* _The problem_:
The answer consists solely of the lines running from the one with "In Regiments, which" through the final line below, transcribed exactly and without any pictures.

* _Data_:
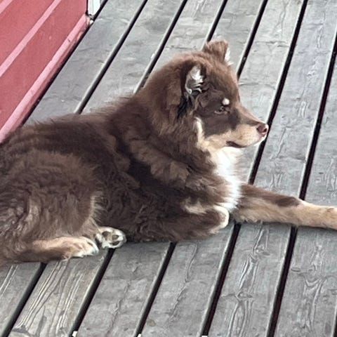 Vår fantastiskt fina tik Dana, 6 år, behöver ett nytt föralltid-hem. Hon är en glad, pigg tjej som älskar människor. Hon är väldigt "nära" sin familj, älskar kel och att bli klappad. Hon går också bra ihop med katter och andra hundar i familjen. Kort sagt, hon älskar allt och alla. Hon har alltid varit frisk, behöver nog ta lite tandsten men i övrigt ingenting. Har aldrig varit hos veterinär annat än vid vaccinationer. Älskar att få vara med sin familj, älskar promenader och att få springa lös i naturen. Säker på grundläggande komandon som vänta, stanna, kom. 100% rumsren. Hon är en toppenhund och har många härliga år med fin gemenskap att ge til sin framtida familj. Viktigt att Dana hamnar hos en bra och trygg familj som har tid att ge henne kärlek och stimulans. Oseriösa undanbedes.
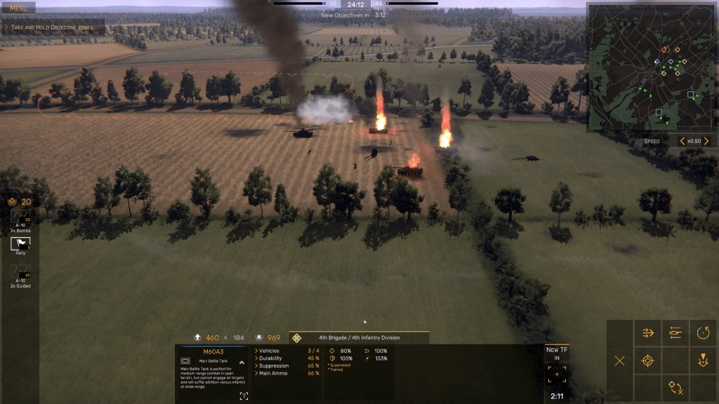In Regiments, which is a real-time tactical level game featuring armored combat in a fictional scenario in which the Warsaw Pact invades West Germany before the events of November 1989, you are in charge of a regiment/brigade-sized unit (which varies in size, type, and available equipment, as not only does Regiments depict units from armies from different countries, but also the division types and their Tables of Organization & Equipment, or TO&E in military jargon) either in the Warsaw Pact or in NATO.
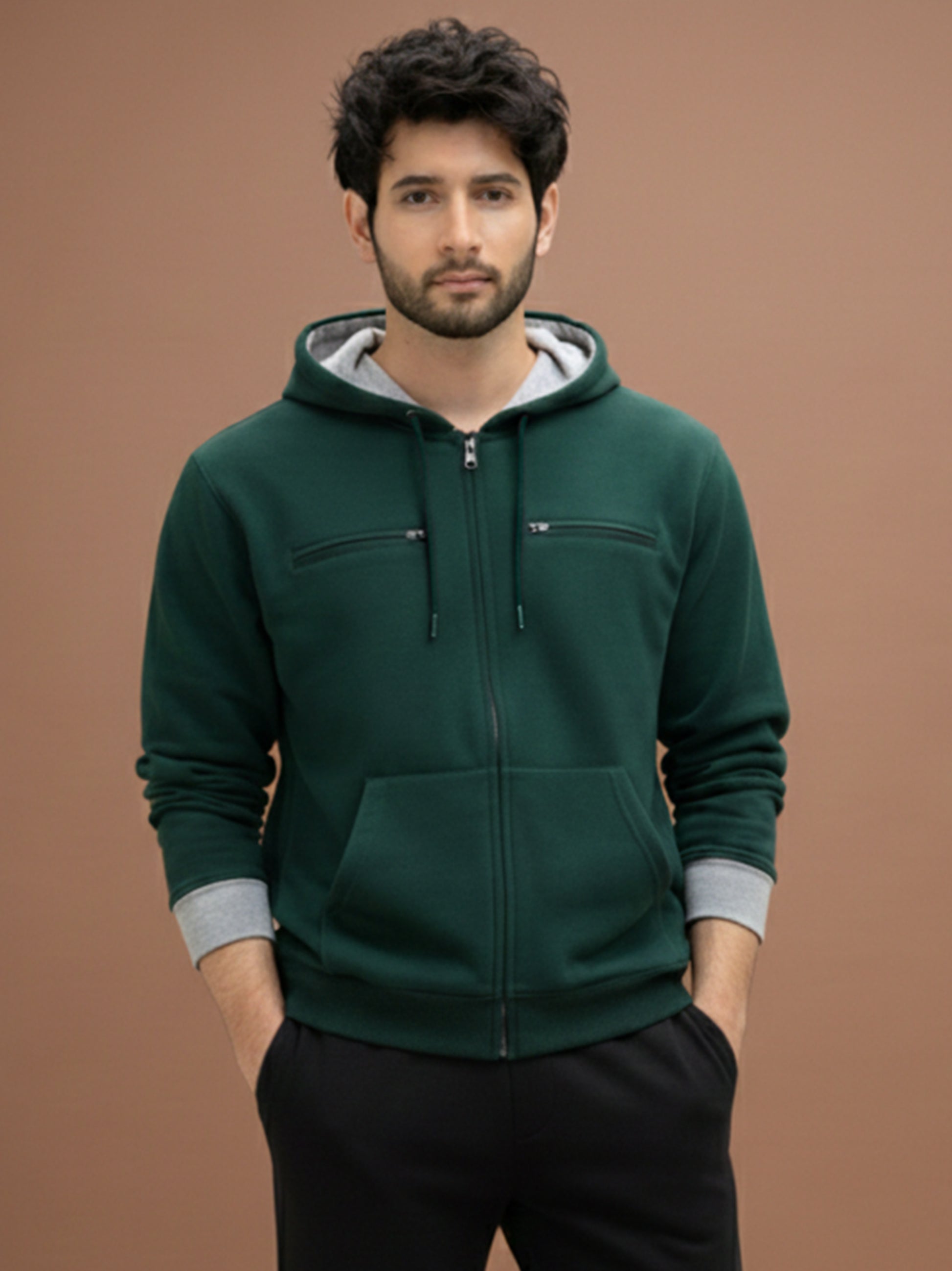 Elevate your casual wardrobe with this premium Bottle Green zip-up hoodie. Designed for everyday comfort and versatile styling, this hoodie features a soft fleece interior, full-length zipper, and a contrasting grey hood lining for a modern, sporty aesthetic.

* _Answer_:
In Regiments, which is a real-time tactical level game featuring armored combat in a fictional scenario in which the Warsaw Pact invades West Germany before the events of November 1989, you are in charge of a regiment/brigade-sized unit (which varies in size, type, and available equipment, as not only does Regiments depict units from armies from different countries, but also the division types and their Tables of Organization & Equipment, or TO&E in military jargon) either in the Warsaw Pact or in NATO.
 Elevate your casual wardrobe with this premium Bottle Green zip-up hoodie. Designed for everyday comfort and versatile styling, this hoodie features a soft fleece interior, full-length zipper, and a contrasting grey hood lining for a modern, sporty aesthetic.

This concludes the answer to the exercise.